Helping Companies Use Less Water, Create New Revenue Streams

Cerahelix started pursuing the wastewater reuse market about two years ago when the startup ran a pilot at Magic Hat Brewing Company in Vermont.

Working from the brewery for a summer, MacKay realized the company should focus on commercializing a larger format of its ceramic filters — the kind that are now set to be installed later this year in the Fortune 50 customer’s manufacturing facility.

The value proposition goes like this: With Cerahelix’s nanofiltration technology, the startup can help industrial companies recover more water they process, lowering their reliance on local water resources while also reducing wastewater transportation costs.

“If you can get the intensive water users to recycle 95 percent of the water that they’re utilizing, that can have a tremendous impact on water that’s available for other users,” Chanbanhour, the Cerahelix board member, says.

But it can go further: MacKay says the remaining waste processed through Cerahelix’s filters are highly concentrated and can be used, for example, as an effective fertilizer, creating a new potential revenue stream for wastewater producers.

Now with her first major customer, MacKay says the startup has an opportunity to expand to nine other sites owned by the Fortune 50 company. Another well-known consumer packaged goods company is also reviewing the company’s technology, as is NASA, MacKay says. But Cerahelix is also working on diversifying its customer base, in part by pursuing new sales models, like selling through partners who could lease out the filtration equipment to end users who may not want to invest upfront in the technology but pay for it as an ongoing operating expense.

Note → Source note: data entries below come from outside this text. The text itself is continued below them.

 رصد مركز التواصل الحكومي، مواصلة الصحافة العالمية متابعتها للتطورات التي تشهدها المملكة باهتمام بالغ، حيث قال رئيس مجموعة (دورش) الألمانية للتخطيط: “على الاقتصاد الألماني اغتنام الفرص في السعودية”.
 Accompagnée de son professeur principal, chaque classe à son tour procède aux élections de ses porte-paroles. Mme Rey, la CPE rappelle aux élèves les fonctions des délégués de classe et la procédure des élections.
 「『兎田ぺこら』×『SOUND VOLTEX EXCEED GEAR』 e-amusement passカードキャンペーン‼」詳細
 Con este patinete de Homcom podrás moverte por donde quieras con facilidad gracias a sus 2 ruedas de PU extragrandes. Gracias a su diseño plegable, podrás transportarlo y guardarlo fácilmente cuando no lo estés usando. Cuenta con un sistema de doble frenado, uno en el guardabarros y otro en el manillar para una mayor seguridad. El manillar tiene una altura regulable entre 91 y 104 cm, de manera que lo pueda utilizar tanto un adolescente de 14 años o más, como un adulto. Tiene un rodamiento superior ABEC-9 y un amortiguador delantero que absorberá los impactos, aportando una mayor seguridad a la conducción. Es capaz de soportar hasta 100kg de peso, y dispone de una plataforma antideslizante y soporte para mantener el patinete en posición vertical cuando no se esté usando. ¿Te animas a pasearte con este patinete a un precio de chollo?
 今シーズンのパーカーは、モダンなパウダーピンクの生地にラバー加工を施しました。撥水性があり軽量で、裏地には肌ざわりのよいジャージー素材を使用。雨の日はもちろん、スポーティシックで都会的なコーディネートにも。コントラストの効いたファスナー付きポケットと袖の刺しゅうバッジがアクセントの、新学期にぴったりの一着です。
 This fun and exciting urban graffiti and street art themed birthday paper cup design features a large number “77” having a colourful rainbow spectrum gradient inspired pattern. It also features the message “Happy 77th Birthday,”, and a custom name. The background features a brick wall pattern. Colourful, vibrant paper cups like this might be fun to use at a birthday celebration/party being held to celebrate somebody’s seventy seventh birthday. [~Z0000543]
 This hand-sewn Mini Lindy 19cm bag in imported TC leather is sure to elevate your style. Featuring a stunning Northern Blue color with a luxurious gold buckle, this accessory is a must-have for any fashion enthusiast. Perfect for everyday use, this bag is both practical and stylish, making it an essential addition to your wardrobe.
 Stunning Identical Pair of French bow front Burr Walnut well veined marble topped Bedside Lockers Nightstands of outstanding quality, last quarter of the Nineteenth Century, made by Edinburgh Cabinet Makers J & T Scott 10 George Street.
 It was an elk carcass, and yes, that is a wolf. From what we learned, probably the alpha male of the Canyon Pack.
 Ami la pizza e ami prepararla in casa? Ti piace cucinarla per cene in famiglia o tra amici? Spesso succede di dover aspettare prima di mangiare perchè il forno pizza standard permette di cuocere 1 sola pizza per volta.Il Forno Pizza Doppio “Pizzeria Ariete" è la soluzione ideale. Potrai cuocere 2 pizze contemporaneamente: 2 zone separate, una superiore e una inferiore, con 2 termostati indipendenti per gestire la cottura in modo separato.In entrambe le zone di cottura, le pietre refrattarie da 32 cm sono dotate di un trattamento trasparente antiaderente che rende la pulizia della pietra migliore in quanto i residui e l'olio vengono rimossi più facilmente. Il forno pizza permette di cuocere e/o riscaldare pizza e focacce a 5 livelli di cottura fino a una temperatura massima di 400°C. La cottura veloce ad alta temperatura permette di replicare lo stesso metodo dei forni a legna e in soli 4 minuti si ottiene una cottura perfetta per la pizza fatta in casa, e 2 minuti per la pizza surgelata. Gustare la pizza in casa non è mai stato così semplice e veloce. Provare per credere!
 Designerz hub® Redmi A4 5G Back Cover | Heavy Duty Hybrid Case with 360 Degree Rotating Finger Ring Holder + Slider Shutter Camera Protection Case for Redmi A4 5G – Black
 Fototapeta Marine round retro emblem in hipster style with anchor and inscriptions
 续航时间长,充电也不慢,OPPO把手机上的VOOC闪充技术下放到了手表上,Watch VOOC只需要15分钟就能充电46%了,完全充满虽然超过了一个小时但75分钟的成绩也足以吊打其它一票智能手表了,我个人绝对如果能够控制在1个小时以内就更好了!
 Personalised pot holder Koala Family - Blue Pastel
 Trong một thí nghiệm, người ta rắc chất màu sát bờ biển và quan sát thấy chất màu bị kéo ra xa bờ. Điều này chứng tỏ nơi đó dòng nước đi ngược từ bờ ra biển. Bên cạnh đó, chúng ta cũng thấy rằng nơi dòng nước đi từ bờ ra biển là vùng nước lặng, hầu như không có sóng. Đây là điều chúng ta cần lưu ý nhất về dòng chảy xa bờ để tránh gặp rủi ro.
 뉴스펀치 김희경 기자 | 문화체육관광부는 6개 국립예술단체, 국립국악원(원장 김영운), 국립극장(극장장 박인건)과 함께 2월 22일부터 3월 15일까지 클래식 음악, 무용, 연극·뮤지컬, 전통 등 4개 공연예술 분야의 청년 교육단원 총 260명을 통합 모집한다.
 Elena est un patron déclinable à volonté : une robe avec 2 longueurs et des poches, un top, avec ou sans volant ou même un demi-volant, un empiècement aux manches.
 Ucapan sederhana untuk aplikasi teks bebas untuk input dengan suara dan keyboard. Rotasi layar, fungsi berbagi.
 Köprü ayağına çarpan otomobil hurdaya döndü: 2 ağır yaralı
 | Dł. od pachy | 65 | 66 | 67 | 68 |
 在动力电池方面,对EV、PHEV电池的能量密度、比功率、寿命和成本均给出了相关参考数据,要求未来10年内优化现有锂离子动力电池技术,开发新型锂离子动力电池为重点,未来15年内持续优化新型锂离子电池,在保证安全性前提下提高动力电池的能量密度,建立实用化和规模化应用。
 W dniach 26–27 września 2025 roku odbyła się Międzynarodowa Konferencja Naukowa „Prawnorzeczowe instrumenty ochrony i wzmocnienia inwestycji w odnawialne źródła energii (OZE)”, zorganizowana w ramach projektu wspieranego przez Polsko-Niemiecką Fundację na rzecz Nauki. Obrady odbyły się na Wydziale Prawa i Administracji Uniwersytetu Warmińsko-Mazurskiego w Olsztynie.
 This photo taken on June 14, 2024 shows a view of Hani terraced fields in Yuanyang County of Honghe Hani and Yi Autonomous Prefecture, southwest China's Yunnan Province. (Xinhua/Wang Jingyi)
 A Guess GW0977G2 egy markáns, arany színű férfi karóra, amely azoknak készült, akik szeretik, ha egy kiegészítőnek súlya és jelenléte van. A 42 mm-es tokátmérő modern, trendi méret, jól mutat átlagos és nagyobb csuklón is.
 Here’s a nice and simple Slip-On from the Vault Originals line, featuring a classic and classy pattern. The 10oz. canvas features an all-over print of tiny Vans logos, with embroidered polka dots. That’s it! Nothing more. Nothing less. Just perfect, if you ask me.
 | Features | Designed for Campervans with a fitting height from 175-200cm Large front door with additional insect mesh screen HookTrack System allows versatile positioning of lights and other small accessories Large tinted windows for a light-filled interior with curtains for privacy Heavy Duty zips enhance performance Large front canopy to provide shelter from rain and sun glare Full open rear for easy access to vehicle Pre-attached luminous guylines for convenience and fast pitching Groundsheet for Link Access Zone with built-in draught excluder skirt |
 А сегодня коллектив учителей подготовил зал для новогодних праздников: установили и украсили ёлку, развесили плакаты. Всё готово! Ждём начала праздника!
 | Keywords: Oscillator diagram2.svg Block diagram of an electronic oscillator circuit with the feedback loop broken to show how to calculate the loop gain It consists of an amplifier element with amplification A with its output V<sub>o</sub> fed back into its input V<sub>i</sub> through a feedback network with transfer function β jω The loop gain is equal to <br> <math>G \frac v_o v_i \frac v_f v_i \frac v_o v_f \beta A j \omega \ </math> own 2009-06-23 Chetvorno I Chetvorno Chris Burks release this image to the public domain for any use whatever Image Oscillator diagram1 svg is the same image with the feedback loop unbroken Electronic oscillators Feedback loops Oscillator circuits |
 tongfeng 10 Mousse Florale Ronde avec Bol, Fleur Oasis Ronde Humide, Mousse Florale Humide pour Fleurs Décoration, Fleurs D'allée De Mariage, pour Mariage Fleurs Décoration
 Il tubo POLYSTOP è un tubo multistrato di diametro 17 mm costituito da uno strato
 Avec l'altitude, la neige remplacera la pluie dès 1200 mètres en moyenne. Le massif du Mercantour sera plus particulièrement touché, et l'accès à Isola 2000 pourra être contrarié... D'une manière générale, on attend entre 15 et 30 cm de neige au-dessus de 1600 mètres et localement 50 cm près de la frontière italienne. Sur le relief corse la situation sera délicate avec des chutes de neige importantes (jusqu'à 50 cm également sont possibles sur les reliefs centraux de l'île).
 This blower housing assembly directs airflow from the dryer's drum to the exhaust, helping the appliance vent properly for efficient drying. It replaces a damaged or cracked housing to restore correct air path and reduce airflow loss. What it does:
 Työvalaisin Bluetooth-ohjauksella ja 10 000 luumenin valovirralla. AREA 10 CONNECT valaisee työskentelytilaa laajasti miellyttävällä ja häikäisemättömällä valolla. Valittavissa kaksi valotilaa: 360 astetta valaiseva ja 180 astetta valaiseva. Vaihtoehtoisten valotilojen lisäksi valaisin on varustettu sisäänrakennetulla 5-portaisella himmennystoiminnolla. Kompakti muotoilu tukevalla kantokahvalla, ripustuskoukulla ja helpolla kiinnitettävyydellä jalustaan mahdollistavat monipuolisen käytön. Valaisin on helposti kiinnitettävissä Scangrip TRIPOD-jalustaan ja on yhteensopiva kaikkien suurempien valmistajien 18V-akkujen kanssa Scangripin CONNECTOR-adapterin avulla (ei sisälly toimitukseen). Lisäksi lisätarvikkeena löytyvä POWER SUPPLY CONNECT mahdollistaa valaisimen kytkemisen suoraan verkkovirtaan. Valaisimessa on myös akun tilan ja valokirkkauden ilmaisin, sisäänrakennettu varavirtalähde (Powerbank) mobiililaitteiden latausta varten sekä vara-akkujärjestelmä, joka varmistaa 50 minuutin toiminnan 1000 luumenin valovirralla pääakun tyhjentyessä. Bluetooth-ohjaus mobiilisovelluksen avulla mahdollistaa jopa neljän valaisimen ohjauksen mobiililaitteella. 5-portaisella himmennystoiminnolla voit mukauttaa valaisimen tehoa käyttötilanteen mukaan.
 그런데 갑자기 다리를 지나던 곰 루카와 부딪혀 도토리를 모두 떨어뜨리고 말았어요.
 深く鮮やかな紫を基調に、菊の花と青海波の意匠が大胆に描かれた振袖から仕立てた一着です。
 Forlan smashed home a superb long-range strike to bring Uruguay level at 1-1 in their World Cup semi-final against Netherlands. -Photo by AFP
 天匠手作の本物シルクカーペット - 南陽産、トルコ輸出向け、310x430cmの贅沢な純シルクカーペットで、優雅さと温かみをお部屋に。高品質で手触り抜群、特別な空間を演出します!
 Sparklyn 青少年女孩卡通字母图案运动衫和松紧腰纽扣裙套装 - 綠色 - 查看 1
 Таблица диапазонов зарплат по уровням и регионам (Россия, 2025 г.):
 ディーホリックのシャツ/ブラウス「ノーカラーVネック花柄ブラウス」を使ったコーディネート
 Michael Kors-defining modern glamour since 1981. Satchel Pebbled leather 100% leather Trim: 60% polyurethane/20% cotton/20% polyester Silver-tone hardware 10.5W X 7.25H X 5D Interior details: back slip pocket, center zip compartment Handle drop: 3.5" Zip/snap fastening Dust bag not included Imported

After so many years of work to  more than anything, MacKay says, is having a team that is aligned on a mission.

“For me, knowing from the start that we are going to be applying technology in some way to work on the water crisis, really making an impact in helping conserve and preserve water resources, that’s really the core value that I would say a hundred percent of the current employees at Cerahelix all share,” says MacKay.